Segment Start: Dataset section

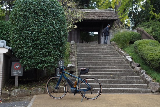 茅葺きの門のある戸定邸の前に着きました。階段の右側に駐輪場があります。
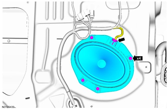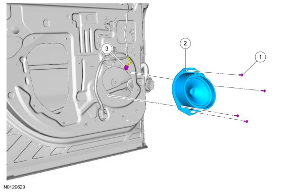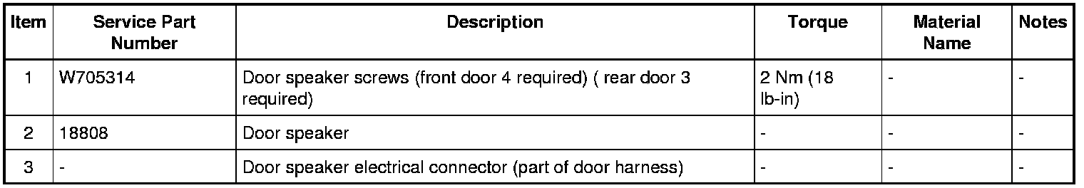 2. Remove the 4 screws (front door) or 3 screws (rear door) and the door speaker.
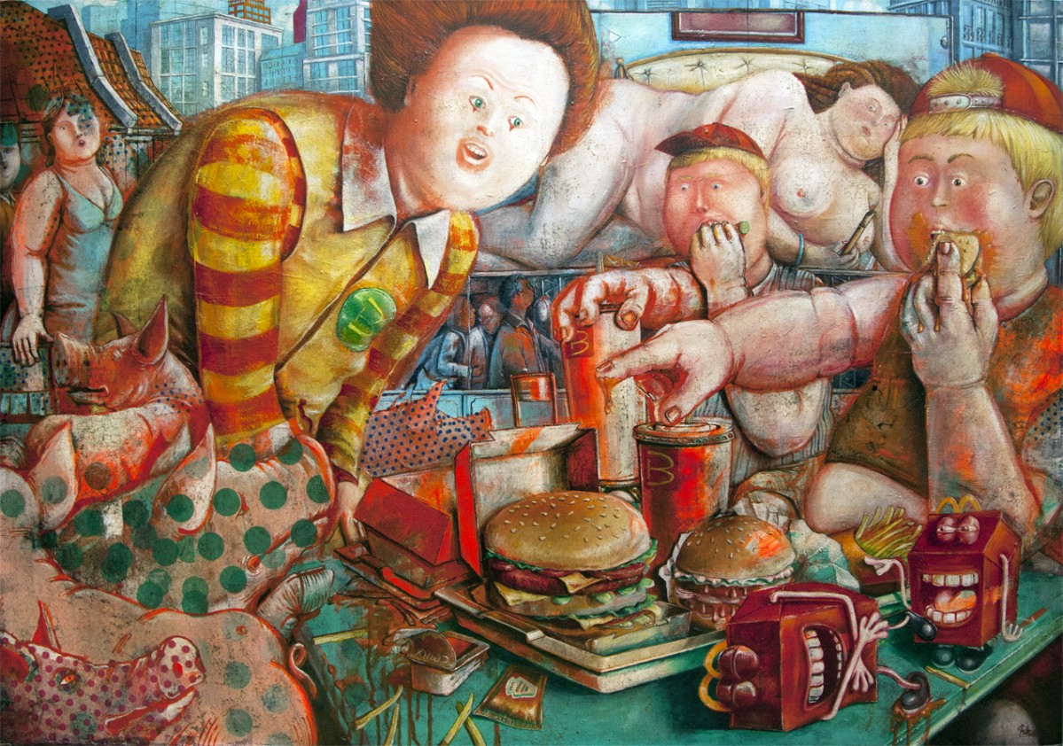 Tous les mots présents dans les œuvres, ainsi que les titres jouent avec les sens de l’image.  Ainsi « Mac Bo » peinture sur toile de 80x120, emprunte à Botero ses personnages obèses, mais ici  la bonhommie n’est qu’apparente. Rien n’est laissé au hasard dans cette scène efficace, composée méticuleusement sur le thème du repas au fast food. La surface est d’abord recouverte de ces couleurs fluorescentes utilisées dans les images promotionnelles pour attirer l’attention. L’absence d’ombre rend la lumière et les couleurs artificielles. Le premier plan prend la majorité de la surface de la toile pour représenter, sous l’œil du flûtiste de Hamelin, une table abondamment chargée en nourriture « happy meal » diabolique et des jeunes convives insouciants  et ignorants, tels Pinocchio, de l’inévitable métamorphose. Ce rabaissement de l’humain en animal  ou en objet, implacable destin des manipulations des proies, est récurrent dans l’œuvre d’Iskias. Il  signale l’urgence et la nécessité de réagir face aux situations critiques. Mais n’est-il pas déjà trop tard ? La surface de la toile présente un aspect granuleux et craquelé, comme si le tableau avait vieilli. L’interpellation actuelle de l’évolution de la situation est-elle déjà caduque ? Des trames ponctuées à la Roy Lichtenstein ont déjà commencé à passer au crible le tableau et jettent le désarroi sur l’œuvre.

Segment End: Dataset section

- **What this task involves**:
Where the data contains images, drop them and print the rest exactly.

- **Written solution**:
 茅葺きの門のある戸定邸の前に着きました。階段の右側に駐輪場があります。
 2. Remove the 4 screws (front door) or 3 screws (rear door) and the door speaker.
 Tous les mots présents dans les œuvres, ainsi que les titres jouent avec les sens de l’image.  Ainsi « Mac Bo » peinture sur toile de 80x120, emprunte à Botero ses personnages obèses, mais ici  la bonhommie n’est qu’apparente. Rien n’est laissé au hasard dans cette scène efficace, composée méticuleusement sur le thème du repas au fast food. La surface est d’abord recouverte de ces couleurs fluorescentes utilisées dans les images promotionnelles pour attirer l’attention. L’absence d’ombre rend la lumière et les couleurs artificielles. Le premier plan prend la majorité de la surface de la toile pour représenter, sous l’œil du flûtiste de Hamelin, une table abondamment chargée en nourriture « happy meal » diabolique et des jeunes convives insouciants  et ignorants, tels Pinocchio, de l’inévitable métamorphose. Ce rabaissement de l’humain en animal  ou en objet, implacable destin des manipulations des proies, est récurrent dans l’œuvre d’Iskias. Il  signale l’urgence et la nécessité de réagir face aux situations critiques. Mais n’est-il pas déjà trop tard ? La surface de la toile présente un aspect granuleux et craquelé, comme si le tableau avait vieilli. L’interpellation actuelle de l’évolution de la situation est-elle déjà caduque ? Des trames ponctuées à la Roy Lichtenstein ont déjà commencé à passer au crible le tableau et jettent le désarroi sur l’œuvre.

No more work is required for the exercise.